Today, its yellow and rounded fruits represent about 90% of the world’s plantations. Forastero cocoa is commonly used for commercial chocolates, especially those that carry a lot of sugar, an ingredient that helps to mask its bitter taste. Among the main subtypes, we can mention Cundeamor, Calabacillo and Amelonado – the latter grown in Brazil.

As every rule has exceptions, in the Ecuador there is a subtype of Forastero cocoa called Arriba, known for its delicate flavors and used in the production of fine chocolates.


Varieties of Cocoa: where the taste of chocolate begins

Photo by Tetiana Bykovets at Unsplash

Trinitario is the perfect marriage between the two varieties of cocoa. On the one hand, it is more resistant to diseases, such as Forastero, and on the other hand, it offers fine and delicate flavors, such as Criollo.

Its first fruits are believed to have been born on Trinidad Island (in Trinidad and Tobago). After natural disasters destroyed the Criollo plantations in 1727, producers planted Forastero cocoa at the site. But instead of trees growing from the latter, the genetics of the two varieties were mixed and gave rise to Trinitario. Its plantations can be found in countries like Sri Lanka, Cameroon, New Guinea, Hawaii and Venezuela.

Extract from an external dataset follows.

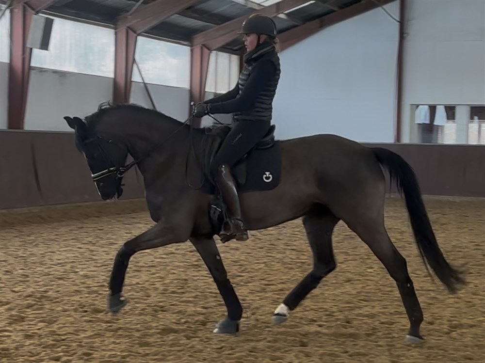 Smuk sort hoppe med masser af udstråling og kvalitet. Hun udvikler sig hele tiden og vil blive fantastisk på konkurrence banerne. Hun er påbegyndt øvelser frem mod middelsvær dressur.Hun er positiv og er på begyndt changementer og laver rent byt. sælges for avler.

Some well-known subtypes are Carenero and Caribbean River (both from Venezuelan soil). In Brazil, we also have Trinitarian cocoa plantations mainly in the Bahia region.

Not just any supermarket that sells chocolates of unique origin (made with just one variety of grain). Usually, you need to look in specialized stores or chocolate stores.

I love to taste bars with different types of cocoa and compare them. I think it’s a great exercise for train the taste. The cool thing is to write down which flavors you identified in each of them – for example, floral, fruity, earthy, tobacco, honey, etc. – and which one you like best. Try you too! The only risk is falling deeply in love with the most expensive chocolates – hehehe!